━━━ Given data
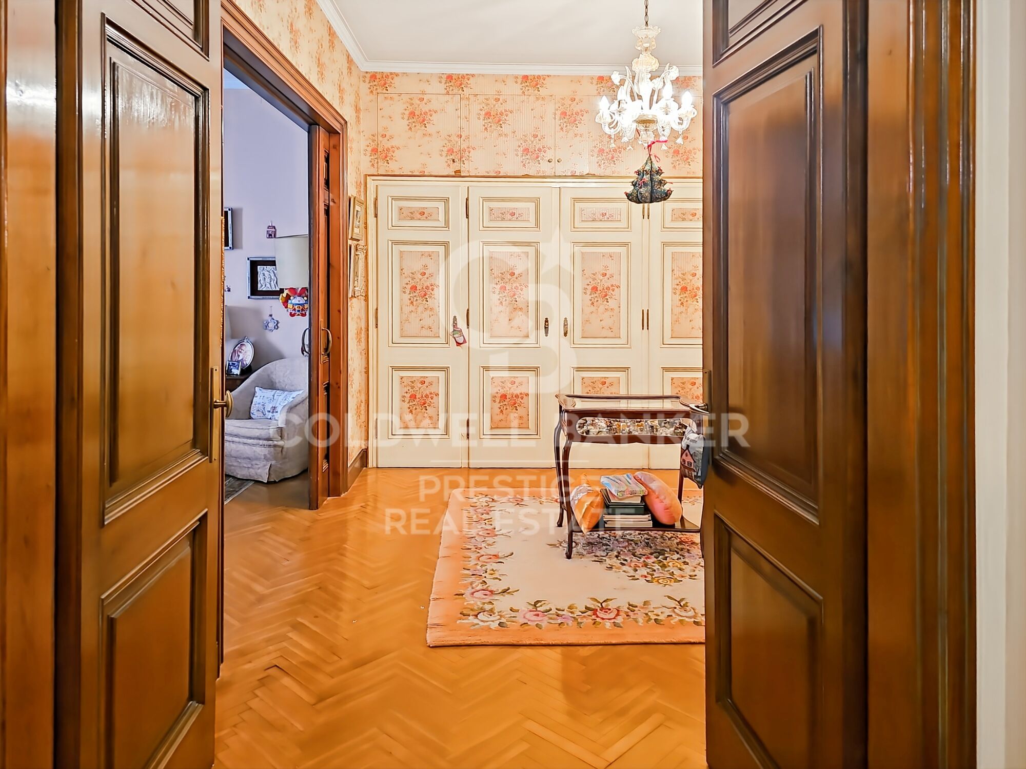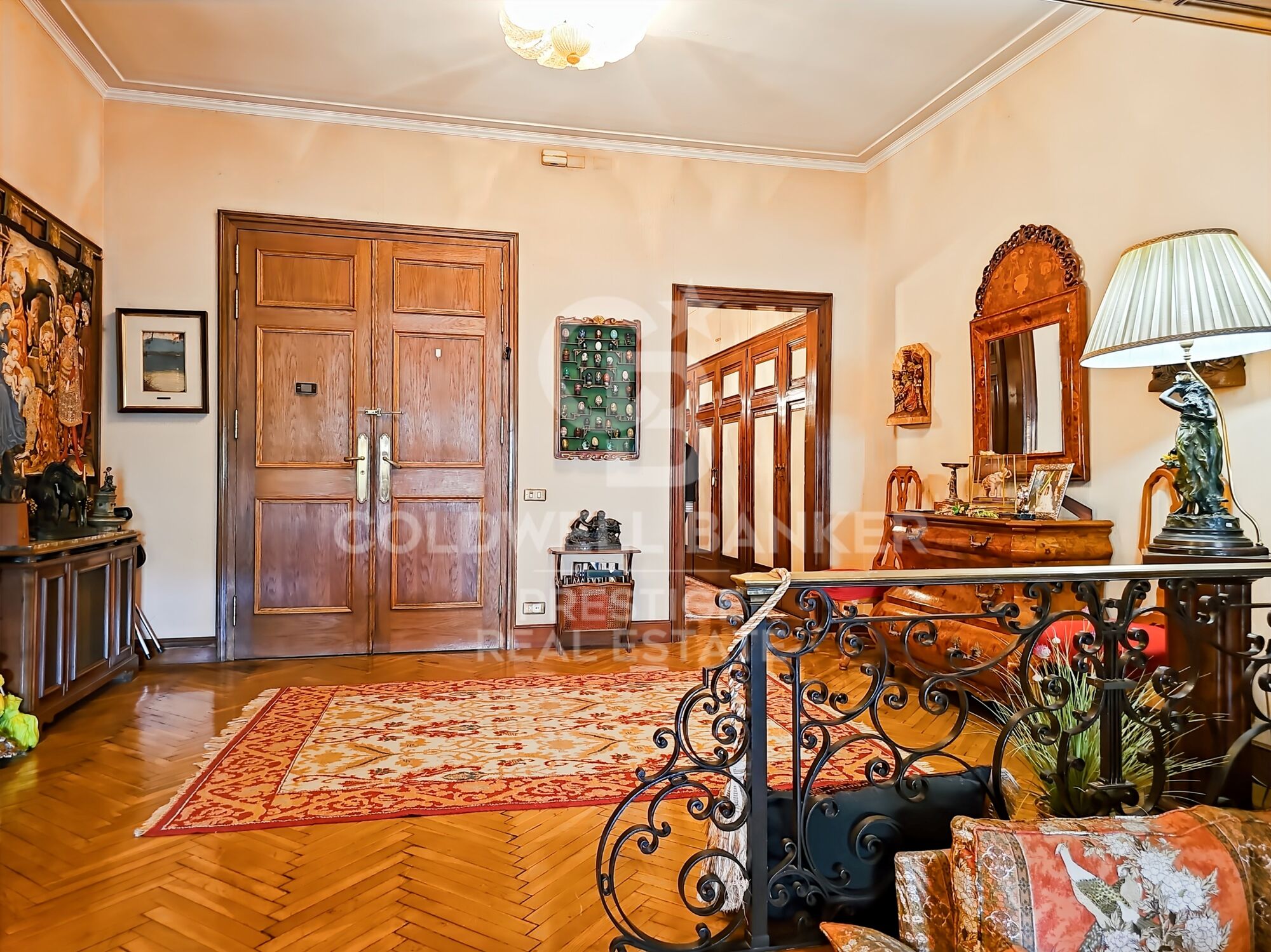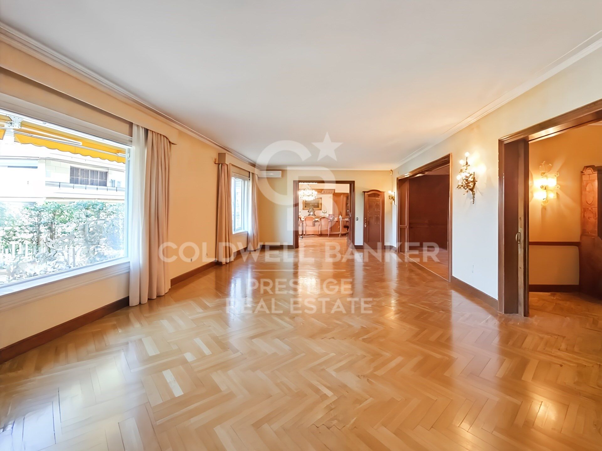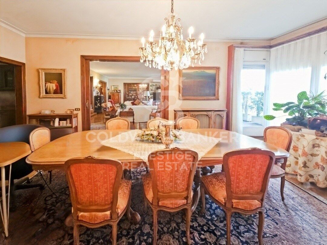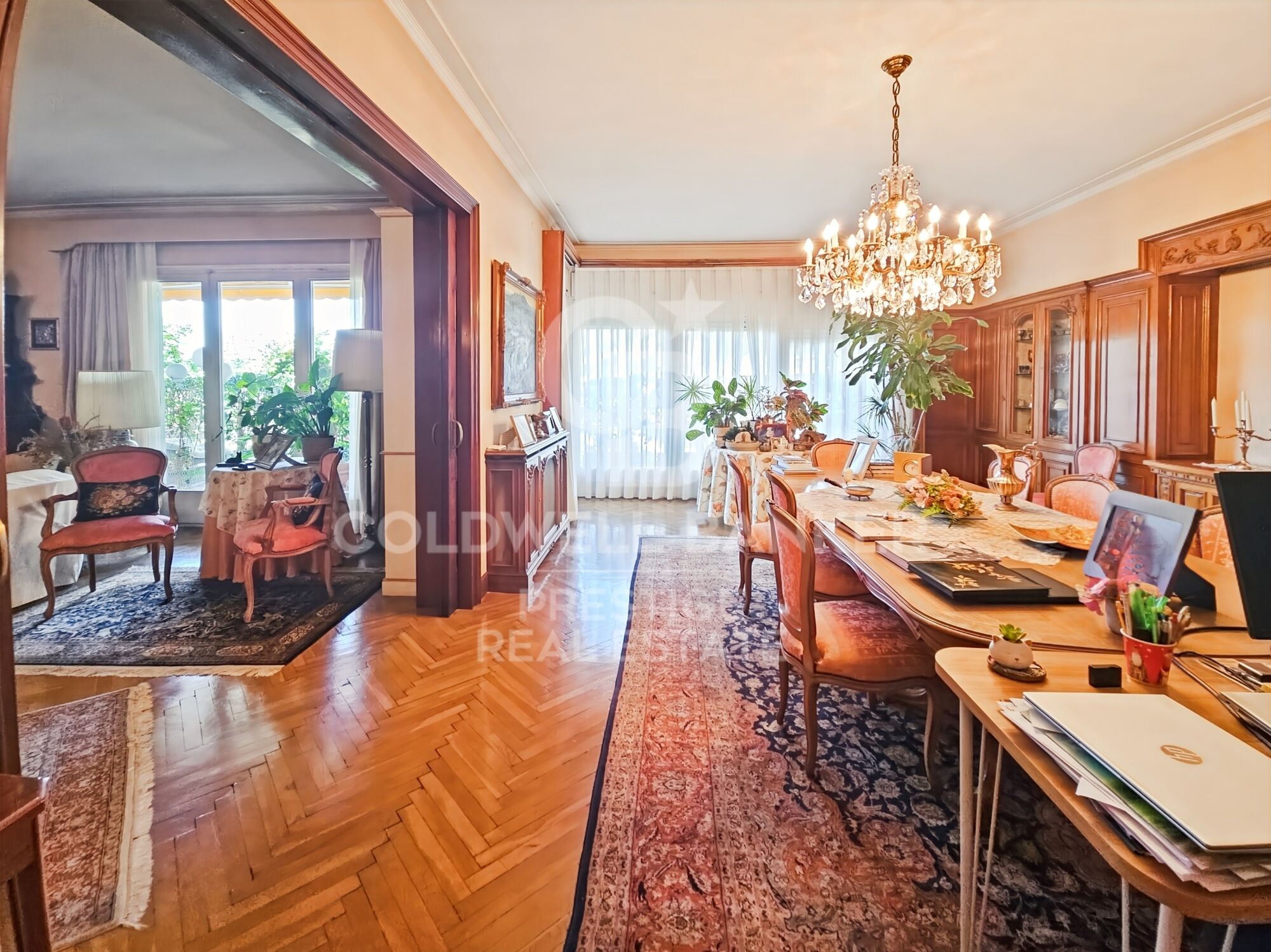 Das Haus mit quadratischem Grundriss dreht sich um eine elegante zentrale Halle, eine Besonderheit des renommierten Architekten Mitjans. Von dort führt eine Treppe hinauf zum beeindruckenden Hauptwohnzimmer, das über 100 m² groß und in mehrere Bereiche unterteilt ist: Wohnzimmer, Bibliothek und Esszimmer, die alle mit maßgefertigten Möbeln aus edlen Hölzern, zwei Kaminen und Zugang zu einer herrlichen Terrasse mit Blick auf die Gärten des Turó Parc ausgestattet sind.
━━━━━━
━━━ Given data
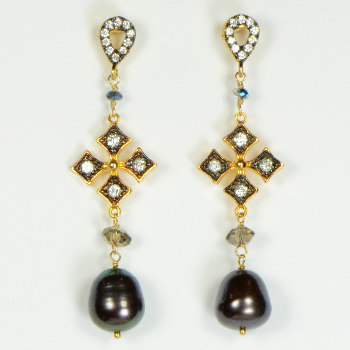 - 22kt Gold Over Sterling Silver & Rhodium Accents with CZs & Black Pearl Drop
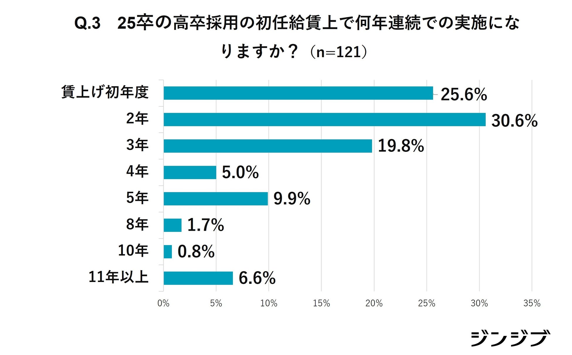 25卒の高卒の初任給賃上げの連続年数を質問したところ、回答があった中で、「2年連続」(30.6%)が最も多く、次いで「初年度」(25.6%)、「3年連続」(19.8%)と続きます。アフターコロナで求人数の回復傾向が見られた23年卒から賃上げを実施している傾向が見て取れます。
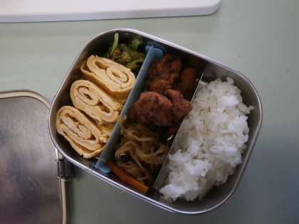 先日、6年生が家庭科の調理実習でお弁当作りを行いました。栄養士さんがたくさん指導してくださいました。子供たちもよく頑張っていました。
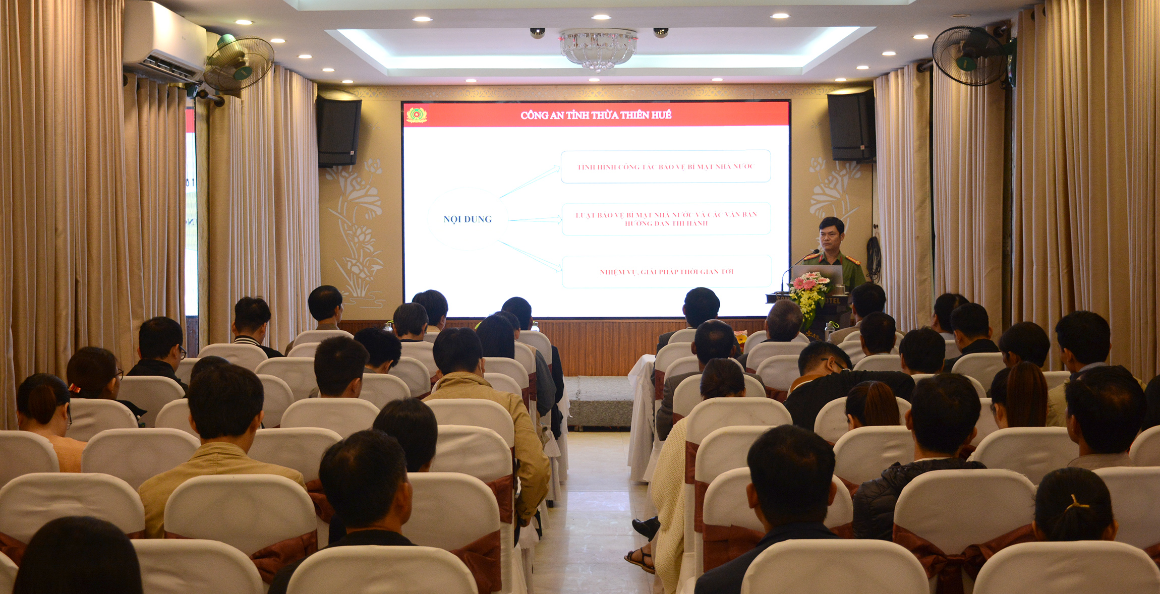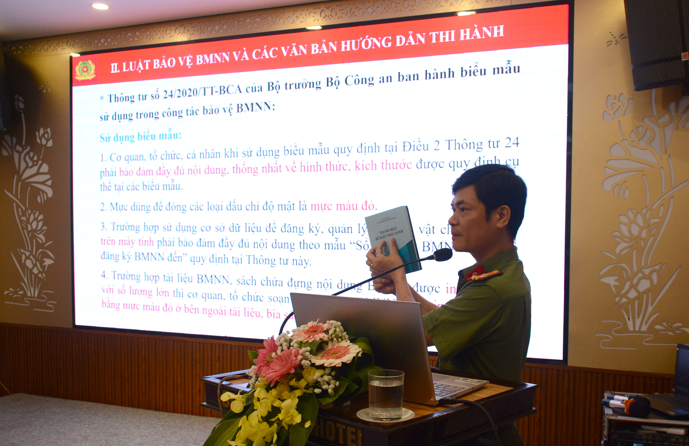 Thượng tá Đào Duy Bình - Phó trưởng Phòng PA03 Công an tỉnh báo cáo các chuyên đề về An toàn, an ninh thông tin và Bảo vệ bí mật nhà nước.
━━━━━━
__Problem statement__: Would you give again, exactly, the lines in the data above that run from the line containing "- 22kt Gold" to the line containing "Thượng tá Đào"? Include both ends and no pictures.

__Final answer__:
 - 22kt Gold Over Sterling Silver & Rhodium Accents with CZs & Black Pearl Drop
 25卒の高卒の初任給賃上げの連続年数を質問したところ、回答があった中で、「2年連続」(30.6%)が最も多く、次いで「初年度」(25.6%)、「3年連続」(19.8%)と続きます。アフターコロナで求人数の回復傾向が見られた23年卒から賃上げを実施している傾向が見て取れます。
 先日、6年生が家庭科の調理実習でお弁当作りを行いました。栄養士さんがたくさん指導してくださいました。子供たちもよく頑張っていました。
 Thượng tá Đào Duy Bình - Phó trưởng Phòng PA03 Công an tỉnh báo cáo các chuyên đề về An toàn, an ninh thông tin và Bảo vệ bí mật nhà nước.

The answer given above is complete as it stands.